DIRECTIONS: Starting at the first line of the records and stopping at the line that contains "サマーオフィス カジュアルジャケット レディース", transcribe every line exactly and leave out the pictures.

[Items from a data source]
--- START ---

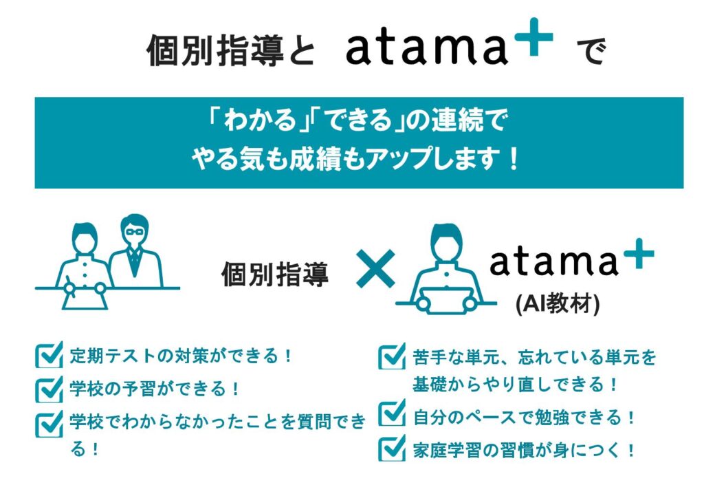 atama+(アタマプラス)だけに頼ることなく、個別指導での授業で生徒の理解を加速させます。
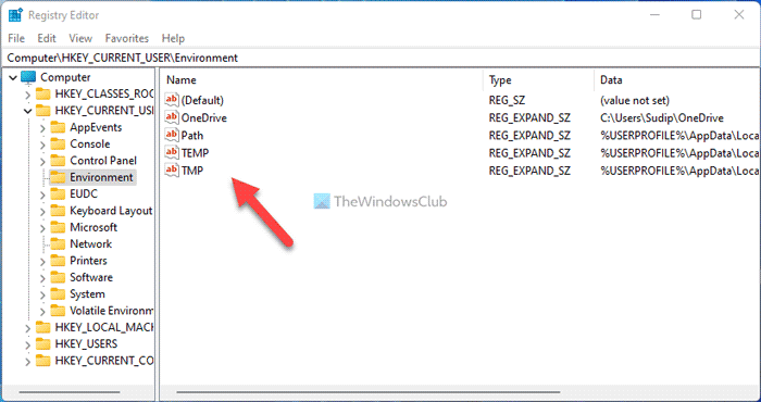 - Accédez à ce chemin :HKEY_CURRENT_USER\Environnement
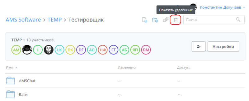 После чего будет открыта вкладка браузера с веб-интерфейсом программы. В нем нужно перейти в папку, в которой раньше находился удаленный файл, и нажать кнопку Показать удаленные:
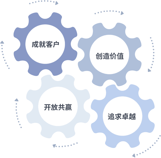 成就客户是一切决策的出发点,,,创造价值是衡量所有工作的标准,,,追求卓越是我们做事做人的态度,,,,开放共赢是我们的格局也是最终的结果。。价值观的齿轮环环相扣,,推动着组织里的每个人不断向前。。
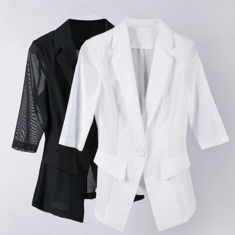 サマーオフィス カジュアルジャケット レディース テーラードジャケット 夏 シフォン透け感ジャケット メッシュ 薄手 無地 フォーマル ビジネス 七分袖 aug 3554 イセンストア 通販 yahoo ショッピング
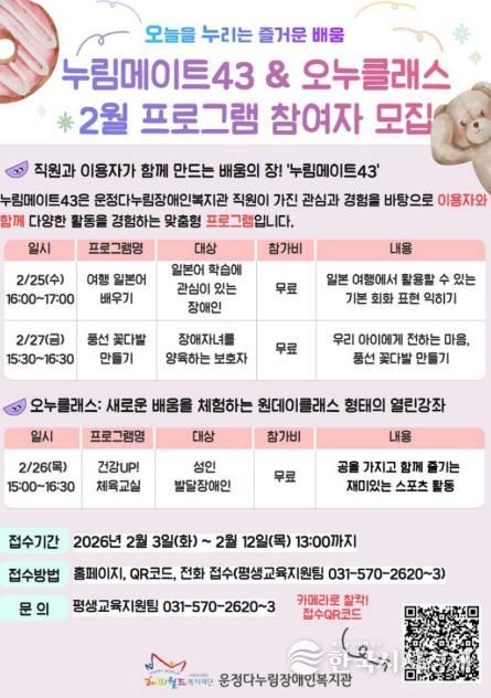 한국시사경제 경기북부취재본부 | 파주시 운정다누림장애인복지관은 참여형 평생학습 프로그램 ‘누림메이트43’을 운영하며, 정규 강좌로는 담기 어려운 소규모 학습 수요를 반영한 생활 밀착형 배움을 실천하고 있다.
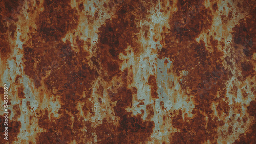 Metal texture with heavily rusted, peeling paint revealing aged beauty, perfect for backgrounds, industrial concepts, or textures in design projects.

--- END ---

EXERCISE ANSWER:
 atama+(アタマプラス)だけに頼ることなく、個別指導での授業で生徒の理解を加速させます。
 - Accédez à ce chemin :HKEY_CURRENT_USER\Environnement
 После чего будет открыта вкладка браузера с веб-интерфейсом программы. В нем нужно перейти в папку, в которой раньше находился удаленный файл, и нажать кнопку Показать удаленные:
 成就客户是一切决策的出发点,,,创造价值是衡量所有工作的标准,,,追求卓越是我们做事做人的态度,,,,开放共赢是我们的格局也是最终的结果。。价值观的齿轮环环相扣,,推动着组织里的每个人不断向前。。
 サマーオフィス カジュアルジャケット レディース テーラードジャケット 夏 シフォン透け感ジャケット メッシュ 薄手 無地 フォーマル ビジネス 七分袖 aug 3554 イセンストア 通販 yahoo ショッピング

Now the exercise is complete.